Outro que mereceria destaque fácil é o mineiro Pedro Nava, que só viria a publicar pra valer com quase setenta anos de idade (na juventude, dois ou três de seus poemas e contos chegaram a público, não mais que isso). Em 1972, Baú de ossos dá início a uma série de seis volumes de memórias, só interrompida com o suicídio do autor em 1984. Nava é o responsável pela elevação do gênero memorialístico à linha de frente da nossa literatura (pena não ter surgido ninguém à altura para manter o legado...). É de Pedro uma das passagens mais arrepiantes de minha "carreira" de leitor: "Não me lembro da cara nem do nome de um só colega, de uma só colega do Andrès. Vejo-os, sem detalhe fisionômico ou contorno físico - estarrecidos no ar da sala de jantar ou no recreio, diluídos ao sol, como as figuras de confete da arquibancada do Circo de Seurat!". Quem nunca se sentiu assim com relação a alguma passagem da infância ou adolescência?

Pra encerrar esse rápido "convescote", trago aquele que, pra mim, é a cereja do bolo: Lúcio Cardoso. Ok, ele já tinha certa fama desde a segunda geração modernista, mas sua obra mais importante vem à luz em 1959: a Crônica da casa assassinada. São mais de quatrocentas páginas narrando a decadência da família Menezes, com detalhes absurdamente expressionistas e impregnantes (impossível não imaginar o tempo todo o odor de violetas ou as paredes recobertas de camadas e mais camadas de limo), num coquetel de "incesto, adultério, travestismo e homossexualismo" (pra citar o título de um artigo do Wilberth Salgueiro, o Bith, bem interessante, sobre o livro) que, na mão de Luchino Visconti daria talvez o seu melhor filme. (Adivinha quem adaptou pro cinema? Saraceni. Com Norma Bengell como protagonista. Ninguém merece, né? E não tem trilha maravilhosa de Tom Jobim nem Carlos Kroeber travestido que consigam salvar o filme, viu?).

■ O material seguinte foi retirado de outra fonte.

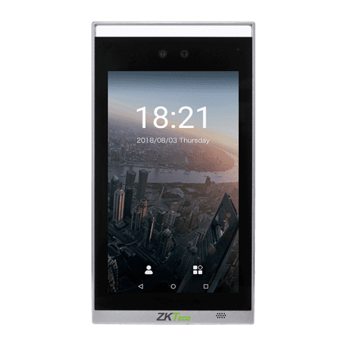 Биометрический терминал доступа и учета рабочего времени ZKTeco FaceDepot-7B укомплектован двумя динамиками, сканером отпечатка пальца, сенсорным дисплеем с диагональю 7", двойной камерой 2 Мп.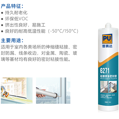 6271 為單組分濕氣固化密封膠,采用中性硅酮膠作為原料, 對環(huán)境無污染,與金屬、陶瓷、玻璃、石材等多種基材具有良好的密封粘接性能。

Lúcio faz o favor de narrar o caso de amor fulminante entre mãe e filho através de uma alternância de focos narrativos em flashback que Orson Welles já havia provado ser palatável ao espectador/leitor médio com seu Cidadão Kane. Iniciando-se com os instantes terminais da enferma Nina, os capítulos reúnem depoimentos ou anotações dos personagens, incluindo aí até confissões ao padre mais cúmplice que nossa literatura já produziu. Mergulhamos em quase afogamento irremediável nas motivações de cada personagem, através de parágrafos imensos recheados de períodos intermináveis e inúmeras orações subjetivas encadeadas. Quase barroco de tão sufocante. E, ainda assim, de uma elegância em seus momentos de maior dor. Eu mesmo daria o dedo mínimo, quando não a mão esquerda inteira, pra criar uma passagem como a que o travestido Timóteo, até então exilado em seu quarto imundo no solar decadente dos Menezes, executa sua vingança, vestido com as jóias e roupas de sua mãe, sendo carregado numa rede até o velório da cunhada para realizar o último desejo dela, na frente de toda a aristocracia da cidade: depositar violetas no caixão. A frase é inesquecível: "Deus, Nina, é um canteiro de violetas cuja estação não passa nunca". Arrepiante. Depois dessa porradaria toda, pausa para os intervalos comerciais, né?